Test Name Description TAT
Fragile X syndrome FMR1 7-14 days
Rett/Atypical Rett syndrome MECP2, CDKL5, FOXP2, MEF2C 7-42 days
XLID panel 81 genes for X-linked intellectual disability 84-112 days
PTEN-related macrocephaly and autism spectrum disorder PTEN 7-21 days
Autism spectrum disorder FMR1, PTEN, MECP2, CDKL5, FOXP2, MEF2C, chromosomal microarrays (SNP+CGH and 180K oligo options) 7-42 days
Intellectual disability FMR1, XLID panel, chromosomal microarrays (SNP+CGH and 180K oligo options) 7-112 days
Chromosomal microarray SNP+CGH and 180K oligo options 10-21 days
ExomeNext ExomeNext and ExomeNext-Rapid 14-84 days


References

  1. Larson SL, et al. Prevalence of mental retardation and/or developmental disabilities: Analysis of the 1994/1995 NHIS-D. MR/DD Data Brief. Minneapolis, MN: Institute on Community Integration, University of Minnesota. 2000.
  2. Moeschler JB, et al. Comprehensive evaluation of the child with intellectual disability or global developmental delays. Pediatrics. 2014 Sep;134(3):903-918.
  3. Miller DT, et al. Consensus statement: chromosomal microarray is a first-tier clinical diagnostic test for individuals with developmental disabilities or congenital anomalies. Am J Hum Genet. 2010 May 14;86(5):749-764.
  4. Schaefer GB, et al. Clinical genetics evaluation in identifying the etiology of autism spectrum disorders: 2013 guideline revisions. Genet Med. 2013 May;15(5):399-407.
  5. Michelson DJ, et al.

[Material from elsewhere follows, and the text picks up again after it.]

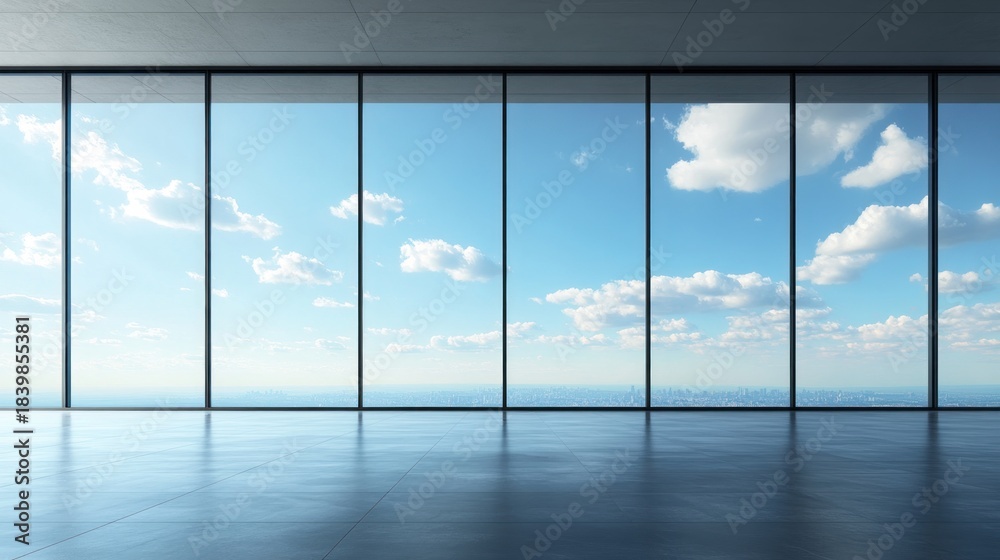Plakat - Modern office panoramic city view, bright sky, spacious room, ideal for business.

Evidence report: Genetics and metabolic testing on children with global developmental delay: report of the Quality Standards Subcommittee of the American Academy of Neurology and the Practice Committee of the Child Neurology Society. Neurology. 2011 Oct 25;77(17):1629-1635.
  6. American Psychiatric Association. Diagnostic and Statistical Manual of Mental Disorders, Fifth Edition. Washington, DC. 2013.
  7. Lisik M, et al. X-linked mental retardation. Med Sci Monit. 2008 Nov;14(11):RA221-229.
  8. Gecz J, et al. The genetic landscape of intellectual disability arising from chromosome X. Trends in Genetics. 2009 Jul;25(7):308-316.